The seventh in series of blog posts for my 8th grade students about the process of trying to publish my YA historical novel.
As the rejections come in while I revise my YA historical fiction, I wondered if writers ever resubmitted a query with the same agent even after an initial rejection. I don't know the rules--written or unwritten. Would resubmitting immediately earmark me as that guy. Blacklisted across the publishing industry because I acted like the high school boy who couldn't take rejection from the girl of his dreams.
Isn't a rejection email more than enough of a hint?
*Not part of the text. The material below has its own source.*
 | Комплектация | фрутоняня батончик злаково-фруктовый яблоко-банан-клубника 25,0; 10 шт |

If I queried an agent a second time after making significant changes to my manuscript, would friends of these literary agents start hanging out by my locker, or car, to tell me, "beat it, she's not interested."
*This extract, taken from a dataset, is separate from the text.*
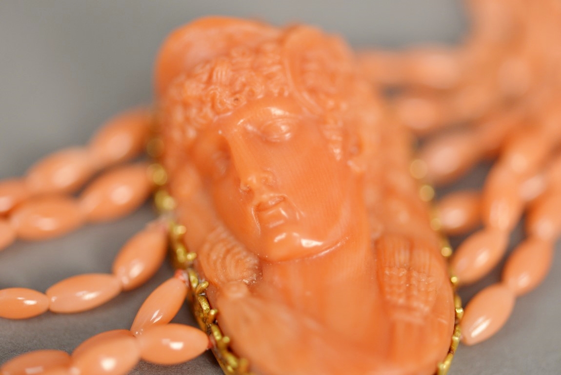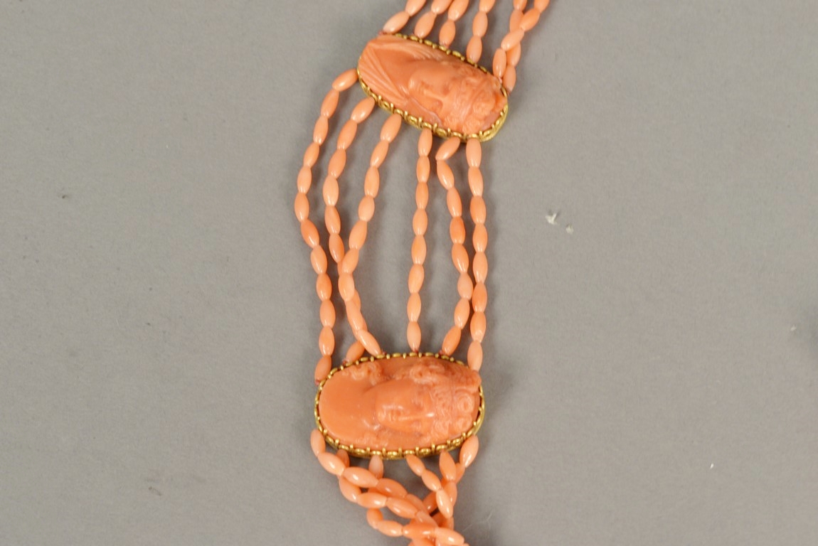 Lot 29: Pink coral necklace made up of seven carved cameo type women mounted in gold connected by six strands of coral oval beads. lg. 21…

An answer to my question came via Twitter. I follow YA authors, literary agents, and editors on Twitter. Often, I find valuable discussions or links to useful articles on writing or publishing. Yesterday, I stumbled across the hashtag #LitChatBetsy and followed it for a few minutes. A literary agent (who happens to represent the kind of YA book I am writing) was answering questions live.
So, the lesson here is that rejection, or a temporary failure, is only permanent if you let it be permanent.
Stick with it.
As I keep working at getting better, I still have hope and a goal in sight.
P.S. Students have been reading my posts about rejections from literary agents, and one asked, "I don't mean any offense by this but were you rejected a lot in high school or something?"